• [DATA PROVIDED]
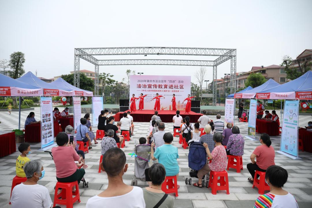 除了主题宣讲之外,本次活动,还通过展示法治宣传教育成果、设置法律咨询志愿服务岗、发放法律法规宣传资料等方式开展法治宣传活动。同时,普法活动也加入了音乐快板《说普法》、歌舞《肇庆美》和歌舞《文明在哪里》等群众喜闻乐见的艺术表演形式,以法治宣传为主线,与全国文明城市创建紧密结合,让群众在欣赏文艺表演的同时学习法律知识。
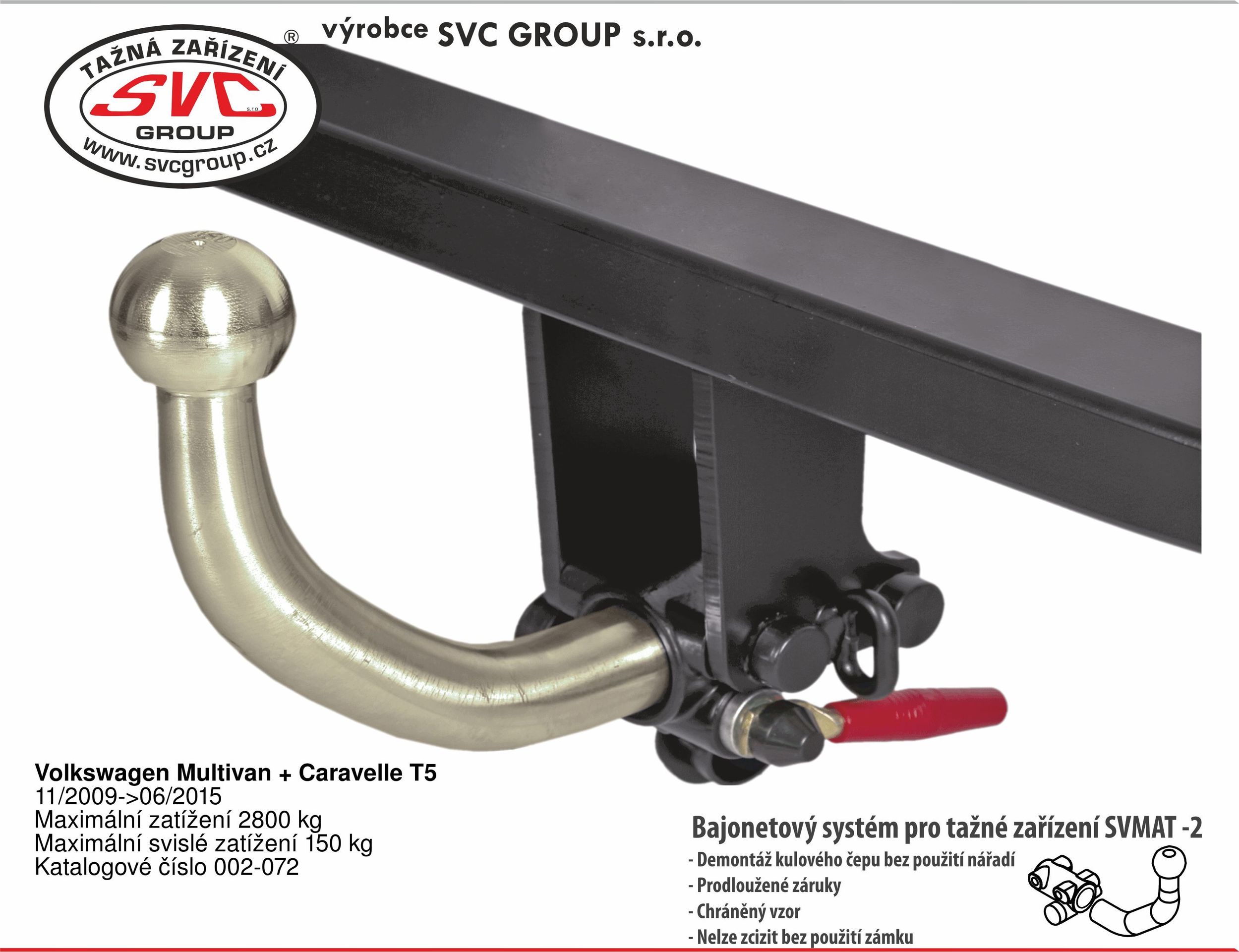 Výrobek je vyráběný dle požadavku vozu a Homologovaný pro prodej a provoz ve všech státech EU dle příslušných norem EHK-55R, podle zastaralé normy e94/20 zrušené již v roce 2016, která nesplňuje, dlouhodobě podmínky pro provoz nevyrábíme. Chráněný vzor SVC - bajonet SVMAT-2 je možné zaměnit za dvou šroubové provedení SVC, bez výměny tažného zařízení.
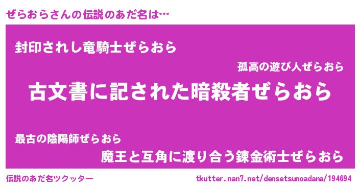 | ヘコむあだ名 | 『ぜらおら(笑)』『ぜらふぇ~』 |
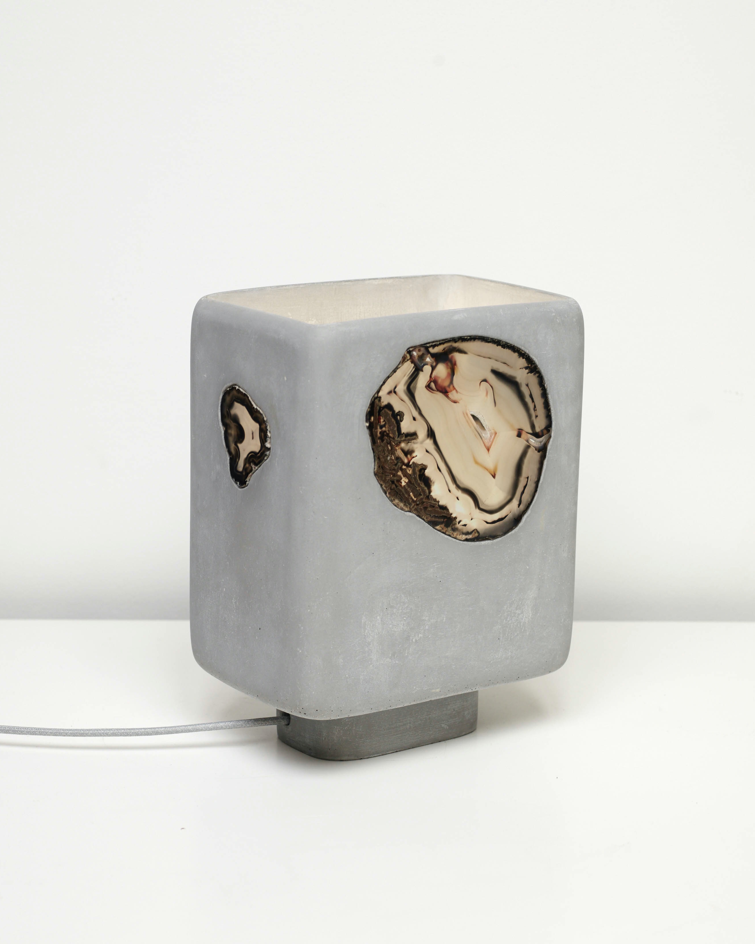 Inspirées par la passion des pierres de Roger Caillois, chaque lampe "Jewel" est unique, à l’image des agates et des quartz incrustés dans le béton et révélés par la lumière.
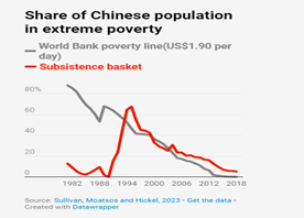 The large economic growth that lifted 800 million Chinese people out of extreme poverty since 1990 was a major contributor to the global decline in poverty. Peter Edward found that there were 1.139bn people getting less than $1 a day in 1993 and this fell to 1.093bn in 2001, a reduction of 85m. But China’s reduction over that period was 108m (no change in India), so all the reduction in the poverty numbers (not percentage) was due to China. Exclude China and total poverty in number was unchanged in most regions, while rising significantly in sub-Saharan Africa.
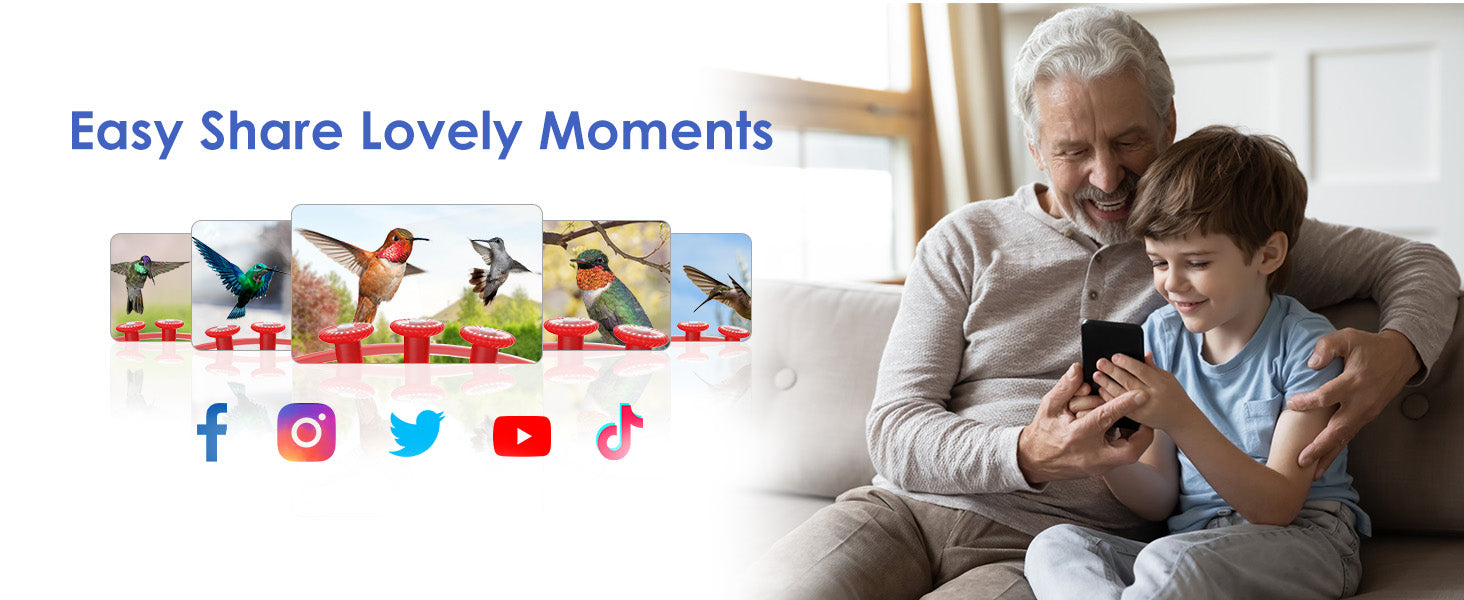 Looking for an ideal backyard gift for your parents or family? Consider the Birdkiss birdfeeder with camera for outside - a perfect choice that closer connections. Share captivating bird videos effortlessly with lovers and friends, all while staying connected through this camera hummingbird feeder.
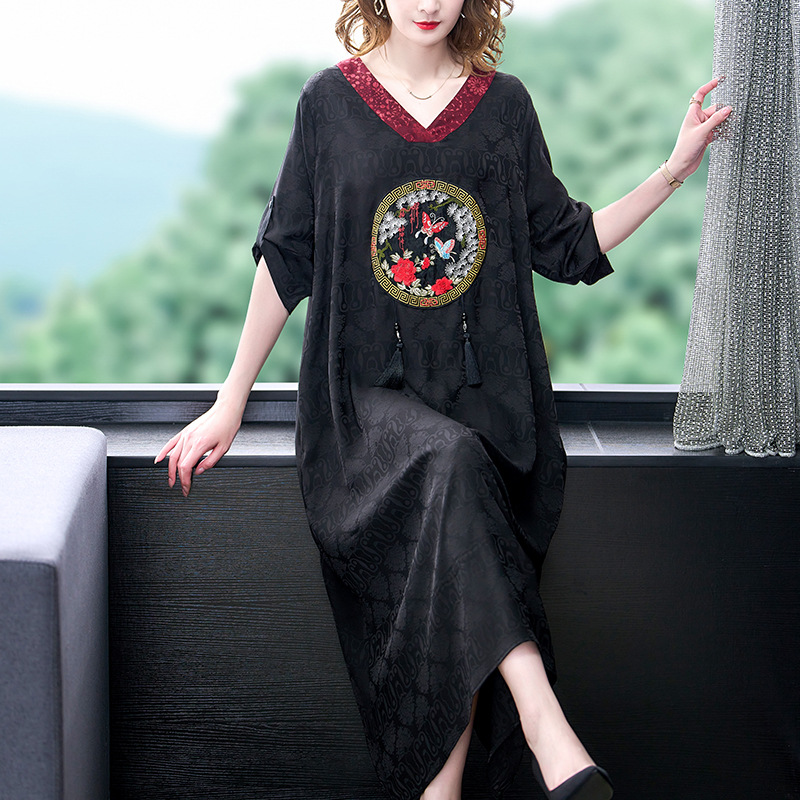 | nameOriginal | Spring and Summer New Mid-Sleeve Silk Ethnic Dress Loose Slimming Large Size Women's Clothing for Mother |
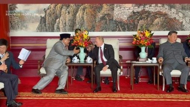 Prabowo, yang memakai setelan jas abu-abu, tampak duduk di sebelah Putin yang juga menghadiri parade militer China. Di sebelah Putin, terlihat Presiden China Xi Jinping duduk di kursi. Tampak Prabowo dan Putin terlihat dengan gestur saling berbincang.

• [EXERCISE BRIEF] Each line from the beginning of the entries up to and including the one containing "Inspirées par la" must be restated exactly. Pictures are to be left out.

• [SOLVED EXERCISE]
 除了主题宣讲之外,本次活动,还通过展示法治宣传教育成果、设置法律咨询志愿服务岗、发放法律法规宣传资料等方式开展法治宣传活动。同时,普法活动也加入了音乐快板《说普法》、歌舞《肇庆美》和歌舞《文明在哪里》等群众喜闻乐见的艺术表演形式,以法治宣传为主线,与全国文明城市创建紧密结合,让群众在欣赏文艺表演的同时学习法律知识。
 Výrobek je vyráběný dle požadavku vozu a Homologovaný pro prodej a provoz ve všech státech EU dle příslušných norem EHK-55R, podle zastaralé normy e94/20 zrušené již v roce 2016, která nesplňuje, dlouhodobě podmínky pro provoz nevyrábíme. Chráněný vzor SVC - bajonet SVMAT-2 je možné zaměnit za dvou šroubové provedení SVC, bez výměny tažného zařízení.
 | ヘコむあだ名 | 『ぜらおら(笑)』『ぜらふぇ~』 |
 Inspirées par la passion des pierres de Roger Caillois, chaque lampe "Jewel" est unique, à l’image des agates et des quartz incrustés dans le béton et révélés par la lumière.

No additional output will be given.